- Why EMEA, and Why Is It Complex?
- Employment Laws Across Top EMEA Markets
- What Can Potentially Go Wrong Across EMEA
- How Tarmack Works Across EMEA
- How Does Tarmack Handle Gratuity Payments in the UAE?
EMEA is one of the most sought-after talent regions in the world. It covers over 100 countries, spans three continents, and includes some of the most competitive hiring markets anywhere. Germany’s engineering talent. France’s technology sector.
The UAE’s regional headquarters economy. Kenya’s software development community. All of it sits within a single acronym.
But hiring across EMEA is not a single task. It is dozens of different tasks, each with its own legal framework, its own compliance requirements, and its own consequences for getting things wrong. A contract that works in the UK will not work in France.
What counts as a lawful termination in the Netherlands is different from what the law says in Saudi Arabia.
This is where employer of record EMEA services come in. Tarmack is a global EOR platform that lets businesses hire across EMEA without setting up a local entity in every country. You find the talent.
Tarmack handles the legal employer relationship, payroll, compliance, and everything in between.
Why EMEA, and Why Is It Complex?
EMEA stretches from Iceland to South Africa and from Portugal to Pakistan. Roughly 100 countries fall within it depending on how it is defined, and each one has a distinct legal environment for employment.
Cross-border hiring in Europe alone grew by 25% in 2025. Over half of European employers expect labour shortages to worsen in the coming years. Businesses are hiring across borders faster than ever, but the compliance infrastructure has not simplified to match.
EU law sets some baseline protections, but national governments implement them differently, add their own layers on top, and enforce them on their own terms. The Middle East and Africa add entirely separate legal systems, currencies, languages, and cultures into the mix.

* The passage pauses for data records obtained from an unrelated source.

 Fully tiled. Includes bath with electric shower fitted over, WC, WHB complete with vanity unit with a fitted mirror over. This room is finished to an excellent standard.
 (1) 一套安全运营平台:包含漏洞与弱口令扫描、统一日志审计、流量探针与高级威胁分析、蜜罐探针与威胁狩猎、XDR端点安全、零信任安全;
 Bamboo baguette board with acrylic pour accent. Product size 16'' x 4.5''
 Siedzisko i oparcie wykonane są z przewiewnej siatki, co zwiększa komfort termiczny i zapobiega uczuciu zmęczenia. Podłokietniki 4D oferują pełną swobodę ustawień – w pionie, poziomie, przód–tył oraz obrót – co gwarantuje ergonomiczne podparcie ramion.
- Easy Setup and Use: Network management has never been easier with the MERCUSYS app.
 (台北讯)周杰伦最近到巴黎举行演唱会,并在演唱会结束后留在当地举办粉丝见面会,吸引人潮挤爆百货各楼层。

Treating EOR EMEA as a single compliance task is the most common mistake businesses make when expanding across the region. Each country is its own jurisdiction. Tarmack handles each one accordingly.

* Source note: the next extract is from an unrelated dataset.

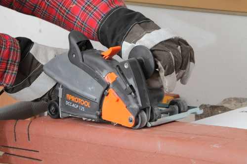 Do testów redakcyjnych trafiła tarcza Adiam Hornet o średnicy 125 mm i szerokości segmentu 2,4 mm. Pierwszy test przeprowadziliśmy na efektywność cięcia klinkieru. Obrabialiśmy nią klinkierowy przewód kominowy o grubości 1,5 cm na długości 50 cm. Użyliśmy do tego bruzdownicy Protool DSC-AGP 125 o mocy 1400 W i obrotach 11.000/min. Uzystaliśmy czas 17,08 s. Można więc powiedzieć, że tarcza Adiam Hornet bardzo efektywnie radzi sobie z najtwardszymi materiałami, takimi jak klinkier, dając przy tym bardzo czyste cięcia. Następnie wykonaliśmy cięcie granitu, wykonując bruzdę w elemencie z materiału o głębokości 3 cm i długości 30 cm. Użyliśmy do tego, tak jak poprzednio, bruzdownicy Protool. Operacja ta zajęła nam 22,2 s. Tu też tarcza Hornet zdała egzamin na piątkę z plusem. Podczas obróbki granitu nie dochodziło do iskrzenia, co oznacza, że narzędzie jest prawidłowo zaprojektowane do obróbki twardych materiałów: beton, kamień i klinkier. Uzyskaliśmy też czyste krawędzie po przecięciu, co oznacza, że tarcza zapewnia wysoką jakość cięcia.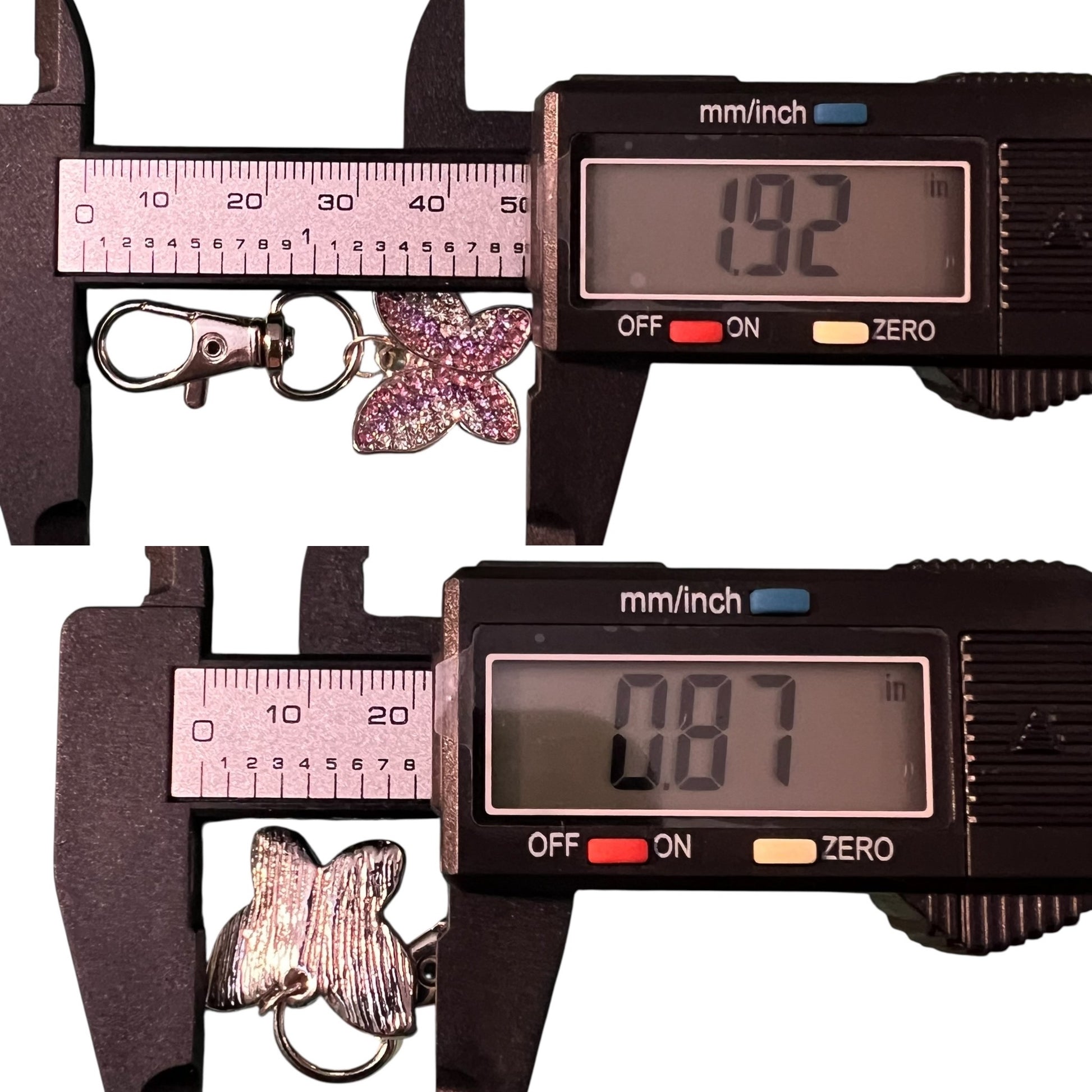Add a touch of whimsy to your outfit with our elegant, vibrant purple and pink butterfly purse charm. This unique accessory is sure to spark joy and inspire your inner free spirit. Elevate your fashion game with this eye-catching charm!

Employment Laws Across Top EMEA Markets
Here’s everything simplified for your aspiring global business!
#1 United Kingdom
The UK is often the first stop for international businesses entering Europe. It has a mature employment framework, operates in English, and has a well-established professional services sector.
Employment is governed by the Employment Rights Act 1996 alongside a range of supporting legislation. The standard workweek is 48 hours, averaged over 17 weeks, though employees can opt out in writing. Annual leave is 28 days minimum for full-time employees, which includes bank holidays.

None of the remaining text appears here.